From the first line to the last, print the material exactly, skipping the pictures.

### DATA SEGMENT
_ _ _ _
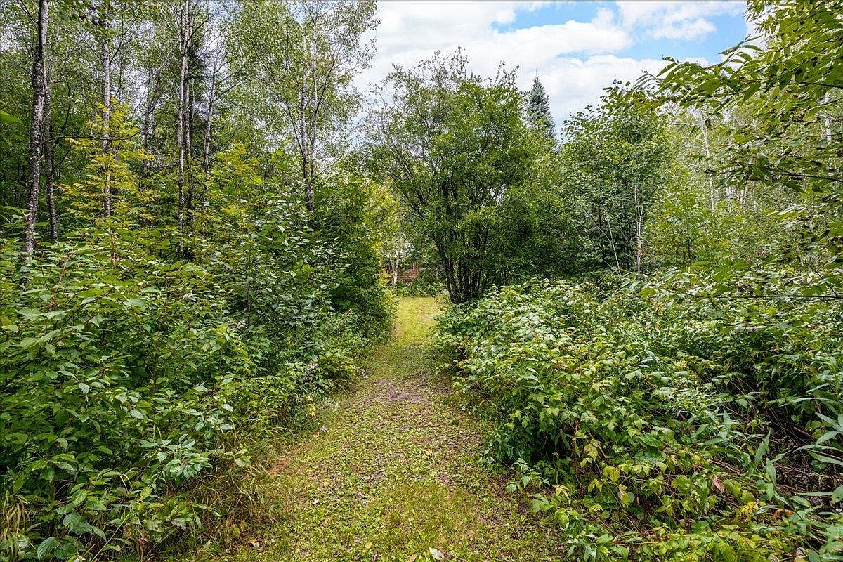 A lush, grassy path winds through dense greenery, framed by tall birch and leafy deciduous trees. The trail is enveloped by vibrant green foliage, creating a private, woodland atmosphere ideal for outdoor family adventures, nature walks, or children’s play. The overhanging branches and thick shrubs enhance privacy and natural beauty, providing a serene, secure play space. The open sky above brings in plenty of daylight, making this backyard trail both inviting and safe. The abundant plant life and accessible trail offer an idyllic escape just steps from home, perfect for family bonding and exploration.
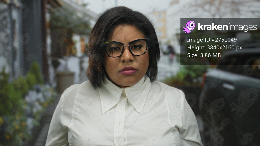Woman outdoors in city street, wearing glasses and white shirt, looks thoughtful and contemplative with blurred urban background.
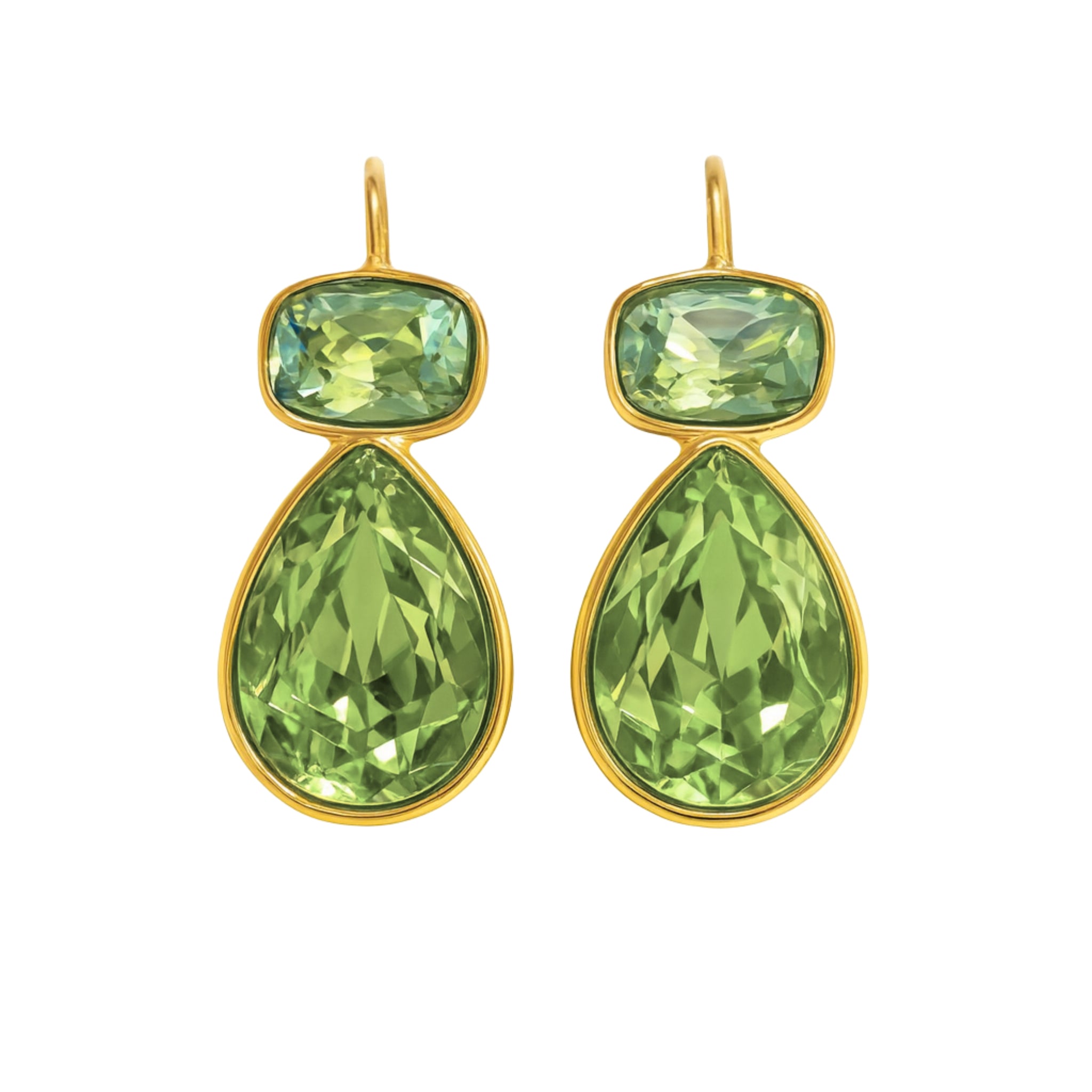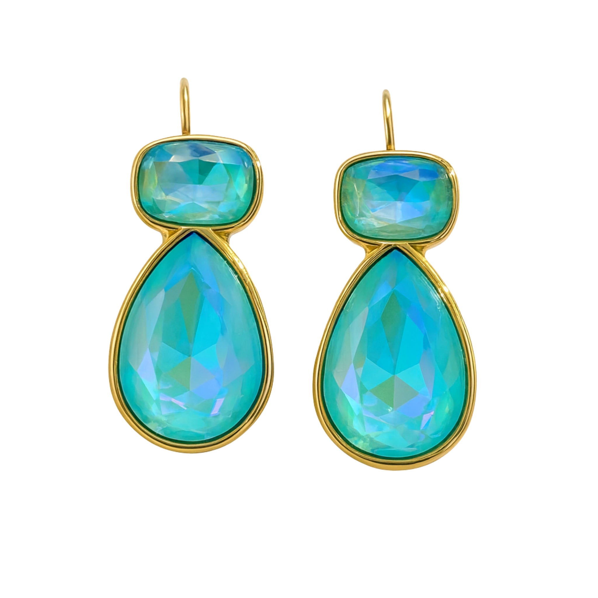 Indulge in luxurious elegance with our Big Sparkle Earrings in a vibrant blue hue. The cushion and pear set bezel stones, in a translucent turquoise color, effortlessly add a touch of sophistication to any outfit. Elevate your style with these mesmerizing statement earrings. 1" x .5" approximate, waterproof tarnish free.
_ _ _ _
### TASK SOLUTION
 A lush, grassy path winds through dense greenery, framed by tall birch and leafy deciduous trees. The trail is enveloped by vibrant green foliage, creating a private, woodland atmosphere ideal for outdoor family adventures, nature walks, or children’s play. The overhanging branches and thick shrubs enhance privacy and natural beauty, providing a serene, secure play space. The open sky above brings in plenty of daylight, making this backyard trail both inviting and safe. The abundant plant life and accessible trail offer an idyllic escape just steps from home, perfect for family bonding and exploration.
Woman outdoors in city street, wearing glasses and white shirt, looks thoughtful and contemplative with blurred urban background.
 Indulge in luxurious elegance with our Big Sparkle Earrings in a vibrant blue hue. The cushion and pear set bezel stones, in a translucent turquoise color, effortlessly add a touch of sophistication to any outfit. Elevate your style with these mesmerizing statement earrings. 1" x .5" approximate, waterproof tarnish free.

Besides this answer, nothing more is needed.